Gene-specific primer sequences were utilized for amplification. The confirmation of the gene specificity of the primer nucleotides was carried out using the NCBI-BLAST search program.
3.3. Primer Sequences of Genes Used in the Quantitative Real-Time PCR Assay (A Universal Reverse PCR Primer was Provided in the cDNA Kit)
3.3.1. Primer Sequences for miR-133B
Forward: 5'-TTTGGTCCCCTTCAACCAGCTA-3'.
3.3.2. Primer Sequences for SN U6
Forward: 5'-CAAGGATGACACGCAAATTCG-3’.
In this study, RT-qPCR was utilized to perform fold change analysis to evaluate the differential expression of genes. Gene expression normalization was achieved using SN U6 as reference genes, with delta Ct (cycle threshold) determination and calculations based on the equation described by Enquobahrie et al. In RT-qPCR assays, a positive reaction is indicated by the accumulation of a fluorescent signal, with Ct defined as the number of cycles required for the fluorescent signal to exceed the background level.

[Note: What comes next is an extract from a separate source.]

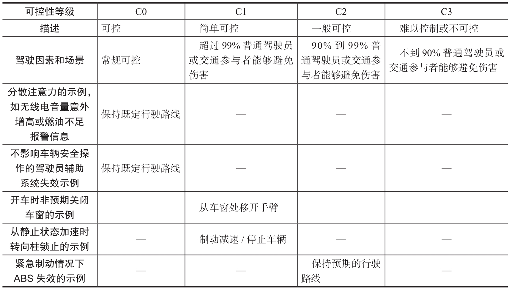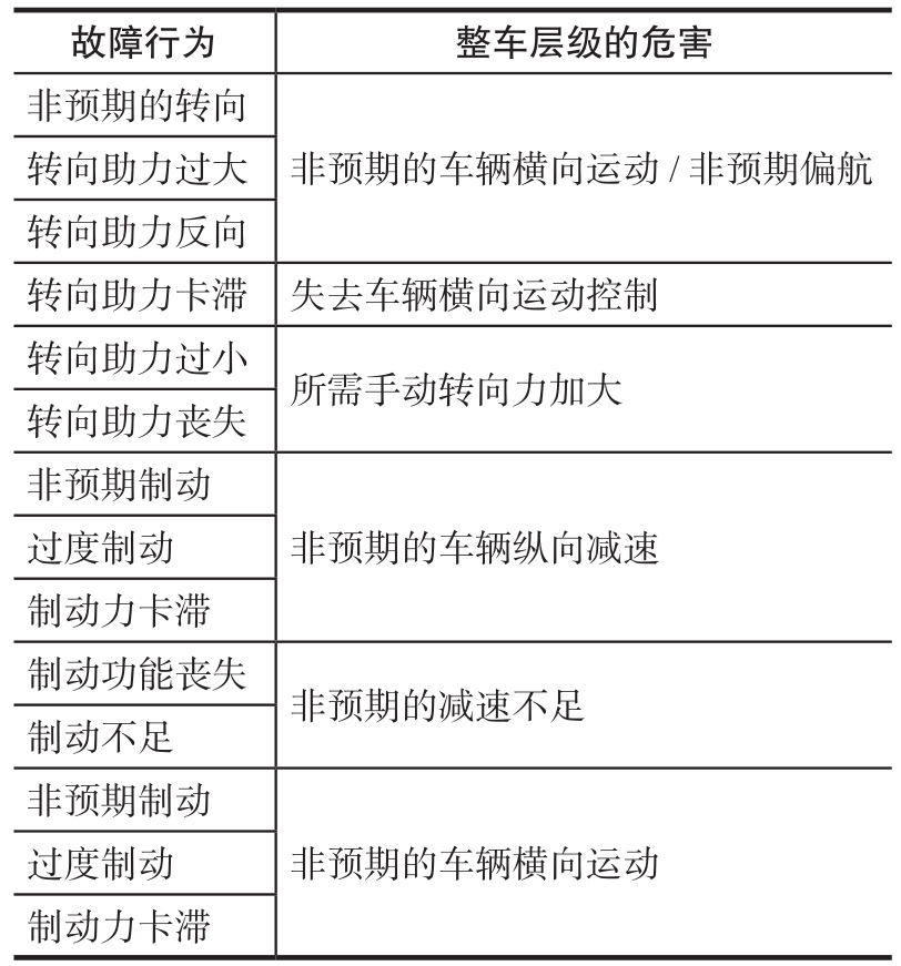 以上转向辅助功能和刹车控制功能异常可能导致的整车层级的危害如表3-2所示。

Cycle threshold levels are inversely proportional to the quantity of target nucleic acid in the sample, meaning lower Ct values indicate a higher quantity of target nucleic acid (16).
3.4. Additional Parameters
In the postoperative period, the intensity and quality of pain were thoroughly evaluated using three different questionnaires at specified intervals (end of 24 hours and on days 3, 14, 30, 60, 90, and 120 postoperatively). All patients were instructed on how to respond to various validated questionnaires, including the Visual Analogue Scale (VAS), Pain Detect Questionnaire (PDQ), and Neuropathic Pain Symptom Inventory (NPSI) (17-19). Patients were identified as having PMPS if they experienced chronic pain in the anterior aspect of the thorax, axilla, and/or upper half of the arm, starting after mastectomy and persisting for three months or longer after surgery (3).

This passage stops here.